- [Record extracts]:
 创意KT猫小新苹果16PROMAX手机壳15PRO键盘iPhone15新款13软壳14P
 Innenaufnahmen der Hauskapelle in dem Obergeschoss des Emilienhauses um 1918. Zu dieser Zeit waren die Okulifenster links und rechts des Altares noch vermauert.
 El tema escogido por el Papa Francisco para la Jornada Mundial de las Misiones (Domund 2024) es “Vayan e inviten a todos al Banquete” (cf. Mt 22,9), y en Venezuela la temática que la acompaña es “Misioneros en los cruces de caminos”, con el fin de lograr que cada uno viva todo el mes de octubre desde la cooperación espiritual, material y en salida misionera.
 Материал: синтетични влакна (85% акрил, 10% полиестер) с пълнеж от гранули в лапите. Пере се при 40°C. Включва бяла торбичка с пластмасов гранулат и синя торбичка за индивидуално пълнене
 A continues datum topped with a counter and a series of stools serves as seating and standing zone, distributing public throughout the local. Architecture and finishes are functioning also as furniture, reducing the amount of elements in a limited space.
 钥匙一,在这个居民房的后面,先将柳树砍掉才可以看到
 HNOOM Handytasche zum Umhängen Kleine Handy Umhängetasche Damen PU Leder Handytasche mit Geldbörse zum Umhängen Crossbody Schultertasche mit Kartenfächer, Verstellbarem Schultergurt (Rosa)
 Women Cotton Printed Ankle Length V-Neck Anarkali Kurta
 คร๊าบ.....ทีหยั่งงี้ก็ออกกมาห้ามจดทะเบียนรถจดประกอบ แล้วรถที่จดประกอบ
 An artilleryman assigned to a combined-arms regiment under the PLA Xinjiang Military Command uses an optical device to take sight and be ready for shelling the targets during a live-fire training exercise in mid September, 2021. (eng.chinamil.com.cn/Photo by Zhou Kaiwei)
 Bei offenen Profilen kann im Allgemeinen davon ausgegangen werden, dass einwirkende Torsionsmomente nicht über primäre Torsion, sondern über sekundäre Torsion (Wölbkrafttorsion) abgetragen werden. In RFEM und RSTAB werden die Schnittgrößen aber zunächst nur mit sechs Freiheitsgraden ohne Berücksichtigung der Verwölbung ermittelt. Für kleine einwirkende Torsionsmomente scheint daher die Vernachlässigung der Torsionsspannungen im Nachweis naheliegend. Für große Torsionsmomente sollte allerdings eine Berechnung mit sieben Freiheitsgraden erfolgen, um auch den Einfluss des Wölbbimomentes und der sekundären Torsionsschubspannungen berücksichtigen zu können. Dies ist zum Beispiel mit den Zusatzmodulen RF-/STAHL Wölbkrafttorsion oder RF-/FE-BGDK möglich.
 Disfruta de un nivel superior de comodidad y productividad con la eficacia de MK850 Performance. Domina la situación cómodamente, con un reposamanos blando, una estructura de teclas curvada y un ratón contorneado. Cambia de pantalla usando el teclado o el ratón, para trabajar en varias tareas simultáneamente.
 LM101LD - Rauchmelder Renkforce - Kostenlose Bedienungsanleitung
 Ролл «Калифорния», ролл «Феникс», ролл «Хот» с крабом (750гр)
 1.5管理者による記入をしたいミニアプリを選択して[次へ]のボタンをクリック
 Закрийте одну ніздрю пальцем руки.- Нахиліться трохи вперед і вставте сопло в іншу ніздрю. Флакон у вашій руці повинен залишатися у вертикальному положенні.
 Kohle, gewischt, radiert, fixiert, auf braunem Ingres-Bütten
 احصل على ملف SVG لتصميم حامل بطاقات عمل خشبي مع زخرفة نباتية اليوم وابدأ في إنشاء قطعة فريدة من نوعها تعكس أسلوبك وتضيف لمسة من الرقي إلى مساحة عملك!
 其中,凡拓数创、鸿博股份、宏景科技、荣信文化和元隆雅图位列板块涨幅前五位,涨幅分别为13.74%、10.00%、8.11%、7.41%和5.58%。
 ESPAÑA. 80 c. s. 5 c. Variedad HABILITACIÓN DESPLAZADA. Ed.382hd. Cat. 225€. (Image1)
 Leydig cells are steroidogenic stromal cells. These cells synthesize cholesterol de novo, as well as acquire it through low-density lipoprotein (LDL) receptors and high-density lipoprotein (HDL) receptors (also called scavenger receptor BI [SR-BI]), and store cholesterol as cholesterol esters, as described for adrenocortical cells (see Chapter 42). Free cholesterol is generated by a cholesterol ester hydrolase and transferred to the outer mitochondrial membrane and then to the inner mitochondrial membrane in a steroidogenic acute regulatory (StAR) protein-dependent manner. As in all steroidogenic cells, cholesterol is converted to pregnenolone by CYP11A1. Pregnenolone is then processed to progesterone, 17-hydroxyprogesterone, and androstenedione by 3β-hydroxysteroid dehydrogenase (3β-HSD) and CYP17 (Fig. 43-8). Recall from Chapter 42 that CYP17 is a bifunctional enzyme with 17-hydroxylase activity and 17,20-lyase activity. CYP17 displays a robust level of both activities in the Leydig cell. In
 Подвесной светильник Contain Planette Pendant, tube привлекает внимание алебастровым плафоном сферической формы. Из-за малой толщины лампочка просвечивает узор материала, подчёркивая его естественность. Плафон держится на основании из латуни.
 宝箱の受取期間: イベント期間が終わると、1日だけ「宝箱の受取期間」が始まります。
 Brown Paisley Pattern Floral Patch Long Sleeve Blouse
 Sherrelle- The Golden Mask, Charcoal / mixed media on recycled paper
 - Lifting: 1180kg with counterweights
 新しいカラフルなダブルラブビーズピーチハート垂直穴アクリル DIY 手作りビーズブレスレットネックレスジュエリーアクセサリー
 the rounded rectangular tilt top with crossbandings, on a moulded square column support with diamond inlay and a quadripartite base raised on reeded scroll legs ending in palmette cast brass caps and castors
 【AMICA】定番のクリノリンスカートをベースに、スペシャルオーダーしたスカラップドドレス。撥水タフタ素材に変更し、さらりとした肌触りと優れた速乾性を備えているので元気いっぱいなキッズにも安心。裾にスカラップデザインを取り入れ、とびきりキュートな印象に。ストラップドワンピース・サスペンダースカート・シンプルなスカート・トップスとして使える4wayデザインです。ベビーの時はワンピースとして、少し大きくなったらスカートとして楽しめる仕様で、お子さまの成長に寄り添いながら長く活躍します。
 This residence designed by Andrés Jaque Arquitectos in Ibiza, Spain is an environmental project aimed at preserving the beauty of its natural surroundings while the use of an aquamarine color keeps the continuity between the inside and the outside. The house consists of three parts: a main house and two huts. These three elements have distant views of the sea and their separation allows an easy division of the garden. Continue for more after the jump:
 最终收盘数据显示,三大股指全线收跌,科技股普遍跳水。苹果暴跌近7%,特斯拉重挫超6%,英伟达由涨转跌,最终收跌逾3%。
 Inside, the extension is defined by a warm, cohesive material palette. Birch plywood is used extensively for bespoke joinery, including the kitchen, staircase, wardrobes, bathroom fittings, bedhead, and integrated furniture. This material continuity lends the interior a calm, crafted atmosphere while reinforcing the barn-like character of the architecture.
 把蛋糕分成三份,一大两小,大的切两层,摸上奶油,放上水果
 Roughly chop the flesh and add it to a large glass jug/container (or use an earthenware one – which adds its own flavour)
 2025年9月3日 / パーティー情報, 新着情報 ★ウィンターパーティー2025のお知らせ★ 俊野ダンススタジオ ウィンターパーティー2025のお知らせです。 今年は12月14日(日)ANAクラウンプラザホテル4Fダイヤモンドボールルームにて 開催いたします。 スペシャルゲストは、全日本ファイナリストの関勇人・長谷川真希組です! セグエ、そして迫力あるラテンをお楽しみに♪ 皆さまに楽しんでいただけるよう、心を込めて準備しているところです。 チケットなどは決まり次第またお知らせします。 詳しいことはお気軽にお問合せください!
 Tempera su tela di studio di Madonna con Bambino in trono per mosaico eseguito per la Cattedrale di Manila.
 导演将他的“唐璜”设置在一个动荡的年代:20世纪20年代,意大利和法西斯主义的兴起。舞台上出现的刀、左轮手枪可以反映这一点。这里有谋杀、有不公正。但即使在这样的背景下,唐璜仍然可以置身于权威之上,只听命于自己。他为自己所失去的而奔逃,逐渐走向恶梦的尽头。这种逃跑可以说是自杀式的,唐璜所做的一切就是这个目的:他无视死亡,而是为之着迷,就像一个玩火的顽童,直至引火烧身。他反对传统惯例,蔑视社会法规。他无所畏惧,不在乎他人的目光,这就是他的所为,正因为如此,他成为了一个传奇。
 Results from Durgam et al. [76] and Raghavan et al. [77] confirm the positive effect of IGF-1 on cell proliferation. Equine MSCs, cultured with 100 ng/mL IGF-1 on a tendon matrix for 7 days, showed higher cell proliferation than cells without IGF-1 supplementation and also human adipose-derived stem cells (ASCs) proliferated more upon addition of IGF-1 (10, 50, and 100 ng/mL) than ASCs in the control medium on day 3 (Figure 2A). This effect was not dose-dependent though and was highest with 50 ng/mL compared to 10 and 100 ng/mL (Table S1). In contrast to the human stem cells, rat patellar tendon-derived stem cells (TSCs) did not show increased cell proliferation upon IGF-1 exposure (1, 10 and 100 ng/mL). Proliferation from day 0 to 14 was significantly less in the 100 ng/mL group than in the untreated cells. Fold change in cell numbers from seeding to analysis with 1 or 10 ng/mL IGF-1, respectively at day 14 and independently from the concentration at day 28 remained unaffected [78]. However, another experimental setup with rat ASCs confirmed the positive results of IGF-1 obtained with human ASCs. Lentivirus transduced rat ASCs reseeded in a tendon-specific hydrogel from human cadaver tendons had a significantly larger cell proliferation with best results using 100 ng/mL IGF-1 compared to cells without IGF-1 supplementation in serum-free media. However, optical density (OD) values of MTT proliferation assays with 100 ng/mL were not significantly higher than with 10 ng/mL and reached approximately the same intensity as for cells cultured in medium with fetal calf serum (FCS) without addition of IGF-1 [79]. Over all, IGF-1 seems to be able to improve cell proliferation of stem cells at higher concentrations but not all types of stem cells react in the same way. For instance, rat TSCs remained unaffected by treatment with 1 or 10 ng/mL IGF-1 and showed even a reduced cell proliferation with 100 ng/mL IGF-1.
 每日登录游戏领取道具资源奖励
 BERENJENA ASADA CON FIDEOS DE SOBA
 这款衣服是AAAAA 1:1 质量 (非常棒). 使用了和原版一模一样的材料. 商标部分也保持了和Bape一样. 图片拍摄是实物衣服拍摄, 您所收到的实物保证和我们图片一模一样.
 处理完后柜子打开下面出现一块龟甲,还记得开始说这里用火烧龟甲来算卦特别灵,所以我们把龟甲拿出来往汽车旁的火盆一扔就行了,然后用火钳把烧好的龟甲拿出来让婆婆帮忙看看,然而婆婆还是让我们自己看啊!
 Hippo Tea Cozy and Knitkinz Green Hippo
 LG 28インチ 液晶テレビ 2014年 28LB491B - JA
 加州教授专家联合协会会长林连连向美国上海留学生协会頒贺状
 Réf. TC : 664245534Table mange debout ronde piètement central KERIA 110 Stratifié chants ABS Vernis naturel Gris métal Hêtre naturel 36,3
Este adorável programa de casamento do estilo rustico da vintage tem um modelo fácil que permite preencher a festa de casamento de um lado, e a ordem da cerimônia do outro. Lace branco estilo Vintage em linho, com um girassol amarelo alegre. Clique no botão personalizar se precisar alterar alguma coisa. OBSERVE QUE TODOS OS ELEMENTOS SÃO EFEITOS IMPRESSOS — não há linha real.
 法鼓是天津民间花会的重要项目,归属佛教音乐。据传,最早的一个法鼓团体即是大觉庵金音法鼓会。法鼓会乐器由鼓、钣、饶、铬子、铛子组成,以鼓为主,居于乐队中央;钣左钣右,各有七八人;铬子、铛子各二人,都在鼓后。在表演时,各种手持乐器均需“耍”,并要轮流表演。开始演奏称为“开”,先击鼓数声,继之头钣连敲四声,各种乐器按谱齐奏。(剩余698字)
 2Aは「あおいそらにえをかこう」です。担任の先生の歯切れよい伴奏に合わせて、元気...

- [What the task requires]: Print the records verbatim, stopping after the "Innenaufnahmen der Hauskapelle" line.

- [Task result]:
 创意KT猫小新苹果16PROMAX手机壳15PRO键盘iPhone15新款13软壳14P
 Innenaufnahmen der Hauskapelle in dem Obergeschoss des Emilienhauses um 1918. Zu dieser Zeit waren die Okulifenster links und rechts des Altares noch vermauert.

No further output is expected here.